RTE1/RTE2 are broadcast on both VHF and UHF but VHF is being phased out and isn't available on all transmitters. 

TG4/TV3 are on UHF only.

I'd say that Tipperary gets its coverage from one or other of the 4 transmitters which broadcast both VHF and UHF (Mullaghanish, Maghera, Kippure and Mount Leinster). You'll get a clue which one you are on by determining the direction in which the antenna is pointing. If you are using a UHF antenna then you should be getting all the stations.  If your antenna is VHF you'll get the RTEs of course but I can't say whether you'll pick up the other 2 with it in your circumstances. Your antenna could be UHF but being in the attic it's not high enough, or in general it's not providing enough gain, or it'd work better pointing at another transmitter. 
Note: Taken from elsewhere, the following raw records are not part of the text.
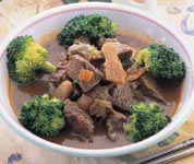 3、锅中倒入B料,加入牛肉、葱、姜煮开,转小火续煮30分钟,加入青菜花煮熟,再加C料调味即可。
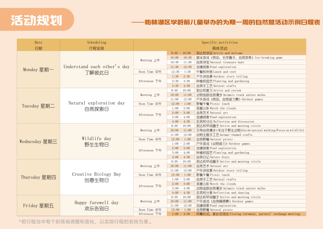 【户外教育】我们的营地课程旨在促进环境意识和欣赏。孩子们将学习有关当地植物和动物、生态保护以及户外生存技能的知识。
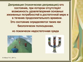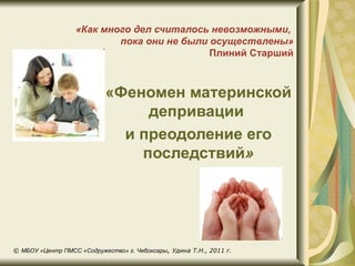 Документ обсуждает последствия материнской депривации, включая ненадлежащие эмоциональные связи с матерью и их влияние на психическое развитие ребенка. Обсуждаются также стратегии преодоления этих последствий и различные факторы риска, такие как неблагополучные семейные условия и влияние отцов. В документе подчеркивается важность активного участия родителей в воспитании, а также выделяются проблемы, с которыми сталкиваются дети с ограниченными возможностями и сложности, связанные с суицидальным поведением у подростков.
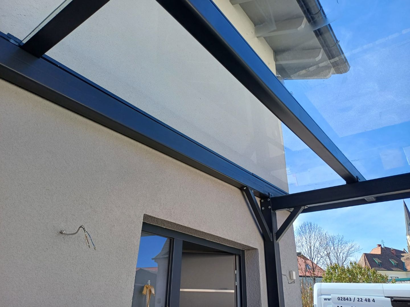 Statt einem typischen Vordach aus Glas kann man sich auch, wie hier, für ein Vordach aus Alu-Blech entscheiden. Der Vorteil von…

Sorry I can't be of more help. Did you install the antenna yourself? If so can you ask your supplier for more info? Alternatively can you ask your neighbours for info?


----------



## Daddy (27 Aug 2007)

Thanks for info - will ask the neighbours.


----------



## cork (28 Aug 2007)

I am finding TV3 receception from the Mullaghanish transmitter poor.

My Tg4 is fine.


----------



## cork (6 Sep 2007)

TV3 recepton will ariel is deplorable.

I emailed TV3 but got no response.

Reception of TG4 is perfect


----------



## gebbel (6 Sep 2007)

I started a thread recently on my observation that the TV3 reception is inferior to RTE1 and 2 via my SKY box. It did not get many hits but I remain disappointed with the picture quality


----------